Ровность ровная…
Писатель, кандидат географических наук, автор переводов английской и древнеанглийской поэзии, звонарь Андреевского монастыря Петр Колосов.
Ровность ровная
Серость серая
Скука скушная
Глухомань
Баррель с долларом
Катят слаломом
За безумием
И за грань
На балконе
Мука да гречка
Два мешка про запас
Не велит жена
Жить беспечно
Уж в который раз
Только на сердце
Серость серая
Скука скушная
И тоска
Ох страна моя
Непутевая
Как дожить с тобой
До конца
Серость серая
Скука скушная
Глухомань
Баррель с долларом
Катят слаломом
За безумием
И за грань
На балконе
Мука да гречка
Два мешка про запас
Не велит жена
Жить беспечно
Уж в который раз
Только на сердце
Серость серая
Скука скушная
И тоска
Ох страна моя
Непутевая
Как дожить с тобой
До конца
10 марта 2020 г.
Мрачновато как-то все все у вас на блоге в последнее время.
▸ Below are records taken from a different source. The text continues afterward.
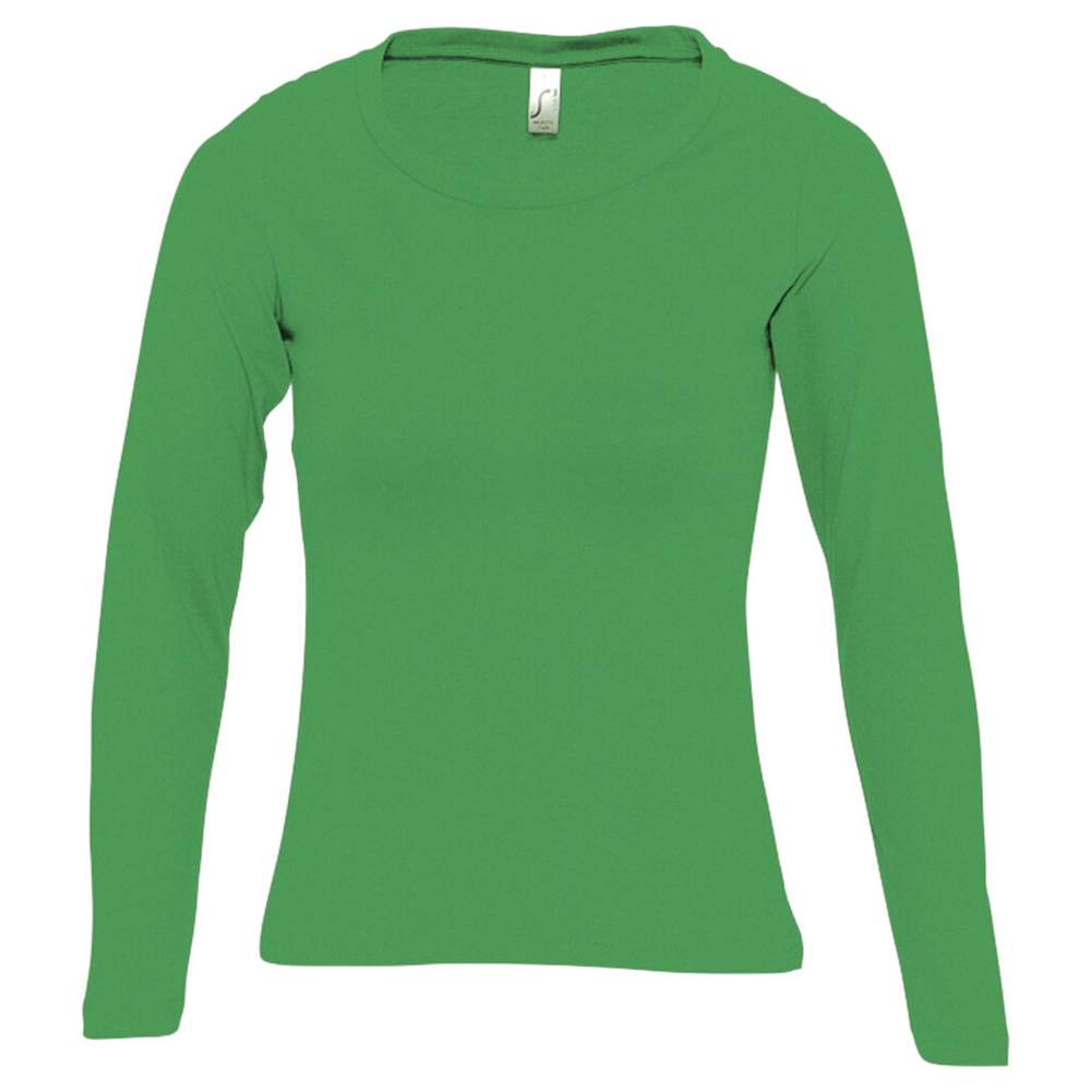 Tröja kvinna rundhals långärmad, tillverkad i jersey 150 100% bomull halvkardad. Den har ett rent band kring halsen och en rund hals med kant av elastan. Skärningen är klassisk och något smalare, med ärmar utan kant av elastan och förstärkta sömmar.
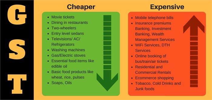 For a common man, GST will be like bitter pills. As the GST gets implemented, renewal premium for life insurance policies, banking and investment management services, Wi-Fi, DTH services, online booking of tickets as well as mobile bills are expected to become more expensive. Whereas, watching a movie and dining out at a restaurant will become cheaper in some states. Prices of white goods like television and washing machines are likely to see very less or no change.
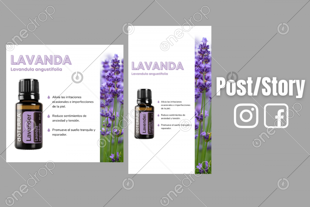 Paquete de 2 imágenes con los beneficios del Aceite Esencial de Lavanda [Lavender].
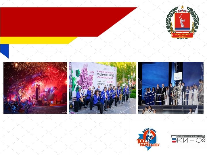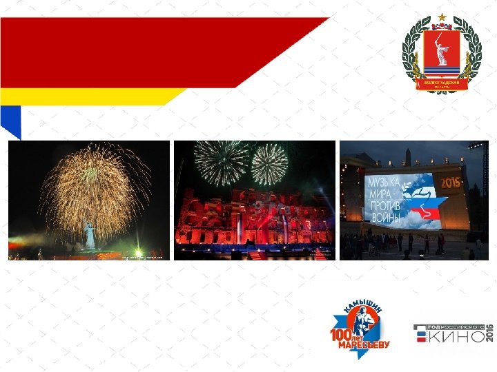 Народное творчество и кинообслуживание Государственное учреждение культуры ''Волгоградский областной центр народного творчества'' *В 2015 году произошла реорганизация ГБУК «Волгоградский областной киновидеоцентр» путем присоединения к ГБУК «Волгоградский областной центр народного творчества» в соответствии с постановлением Администрации Волгоградской области 404 -п от 13. 07. 2015 года *В учреждениях культуры клубного типа Волгоградской области функционирует 7163 клубных формирования различной направленности, 5074 – самодеятельные художественные коллективы; * В 2015 г. в муниципальных культурно-досуговых учреждениях для населения проведено 164674 культурно-массовых мероприятия. *Количество выданных кинопрограмм, обслуженных киноустановок составило 2404 единицы.
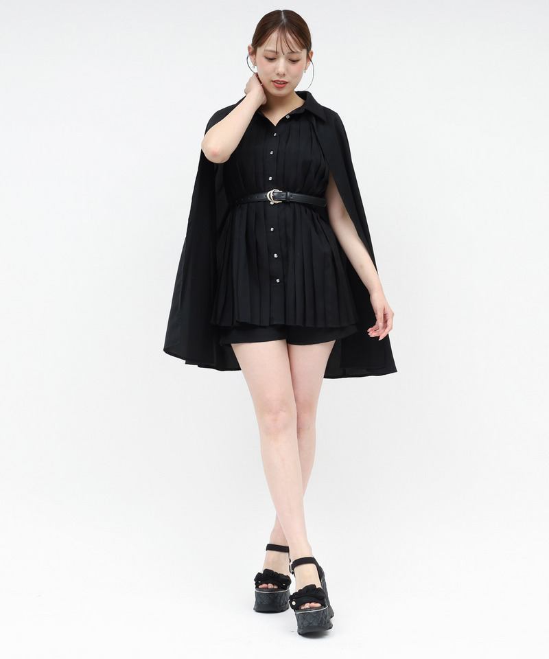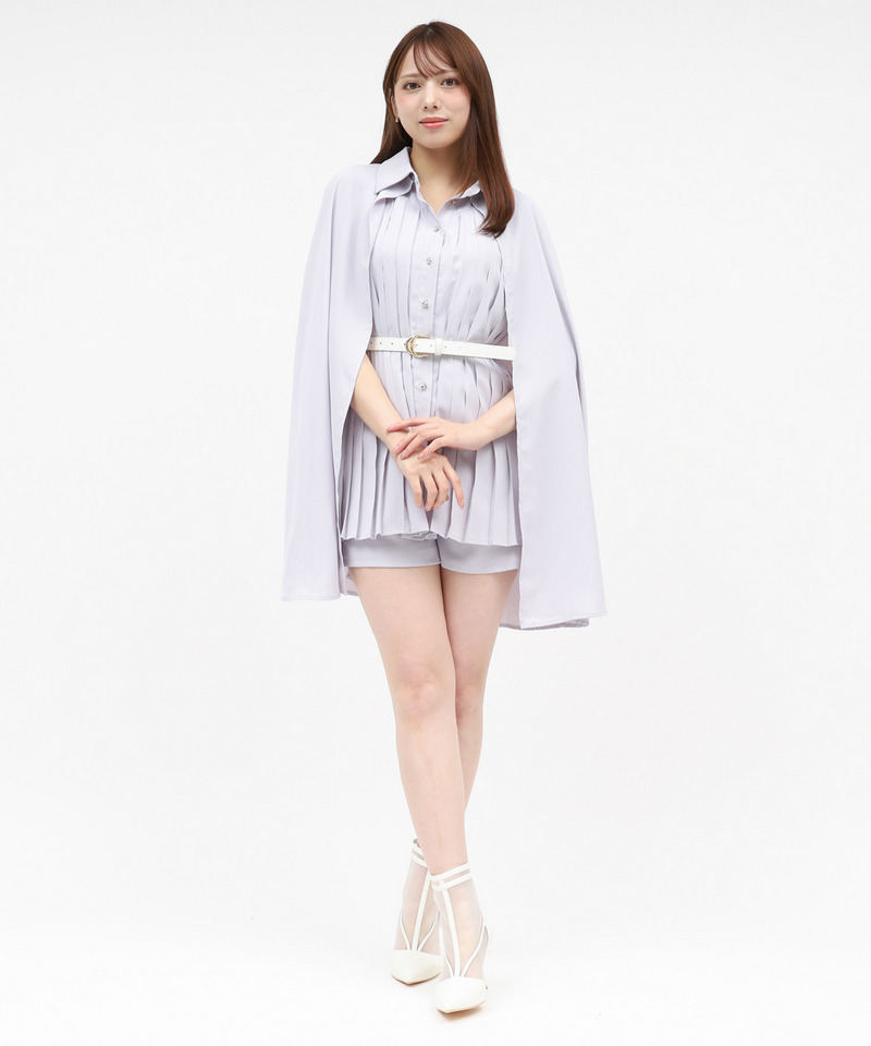 フロントに施されたタックデザインやキラリと輝くビジュー釦が魅力のケープ付ブラウス×同素材ショートパンツのセットアップ。
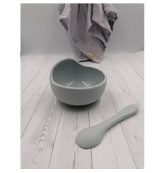 BABY 01138 Miska silikonowa z przyssawką i łyżeczką Grey
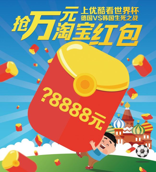 据统计,世界杯开赛12天来,优酷已经下118场红包雨,单日最高红包雨数高达14场。赛程过半,“进球就下红包雨”玩法再升级。在北京时间今晚“韩国-德国”的比赛中,单场红包雨总额将高达100万,更有单个高达万元的巨额大红包,可以直接用于淘宝购物。
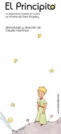 Teatro Silfo (Murcia) presenta EL PRINCIPITO, espectáculo teatral basado en la obra de Antoine de Saint-Exupéry, dirigido por Claudio Hochman, el sábado 17 de febrero, a las 19.00 horas, en el Teatro Villa de Molina (en Avenida del Chorrico, n° 10). El precio de la entrada es de 5 euros. Espectáculo subvencionado por el Instituto de las Industrias Culturales y las Artes (ICA) de la Región de Murcia.
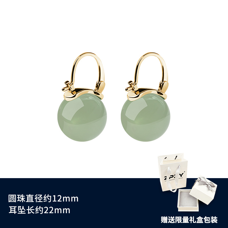 Ancient-style Hetian jade pure silver earrings, a new bestseller in 2025, with a high-end feel. Ice-type jade esoteric earrings for women
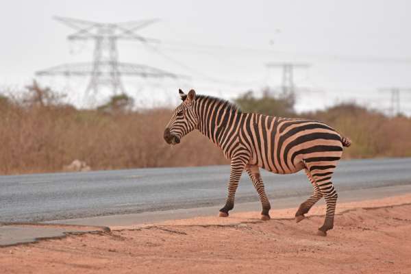 ; ; ; ;在肯尼亞察沃國家公園附近,一匹斑馬穿過蒙內(nèi)鐵路動(dòng)物通道后試圖穿越公路。(新華社記者孫瑞博攝)
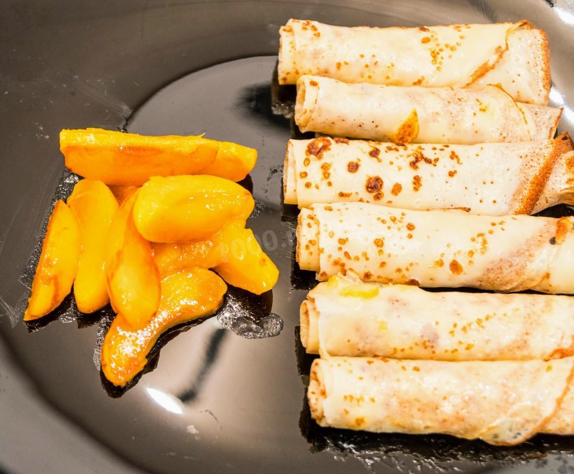 Фруктовые блинчики на молоке с абрикосовой начинкой
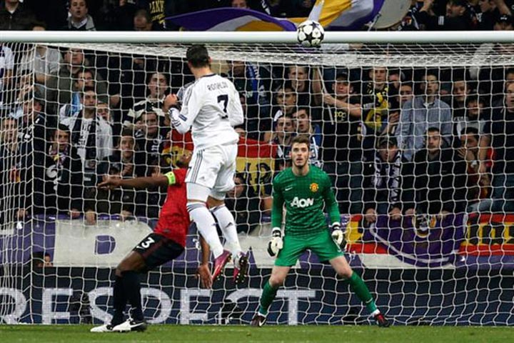 Real Madrid CF y Manchester United FC empataron 1-1 en un encuentro de ida de los octavos de final de la UEFA Champions League en el Santiago Bernabéu que no defraudó a las expectativas. Danny Welbeck adelantó al United con un gol de cabeza tras un saque de esquina, y Ronaldo empató poco después al batir a un David de Gea que salvó a los de Alex Ferguson en varias ocasiones. Otro escenario de auténtico lujo, el mítico Old Trafford, dict... Ver más...
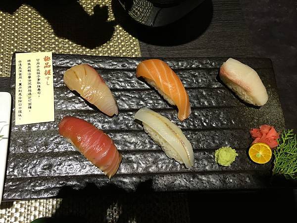 套餐主菜的第一道是握壽司,餐廳很貼心的在盤子的左上方,放上了建議的食用方式,包含應該從淺色魚肉吃到深色魚肉,以及薑片的用途,讓客人可以用更適合的方式享受這道料理。而在食材的部份更是沒話說,雖然松築創作和食料理不是位在漁港旁,但生魚片的新鮮程度,卻完全不輸在漁港吃到的。咬下一口後,真的有置身在海港邊大啖剛上岸的生魚握壽司的幸福感覺。

Начиная с новогодней открытки, да и та прямым курсом отсылает к серым и глухим 60-м или 70-м…
«Расцветьте ночь новыми и свежими красками» — по призыву Эшкрофта в «Let’s break the night with colours». В прямом и переносном смысле.
Поздравьте Юлю с днем рождения! Для этого я уже направил Левону нужную «затравку».
Повеселите себя и других! Поставьте пару песен, прочтите пару стихов, расскажите, подобно Юле, что-нибудь смешное и духоподъемное!
Умейте организовать себе праздники не только в Липках, но и в удалённом доступе!
Банально, избито, но все же: «Да здравствует солнце, да скроется тьма!»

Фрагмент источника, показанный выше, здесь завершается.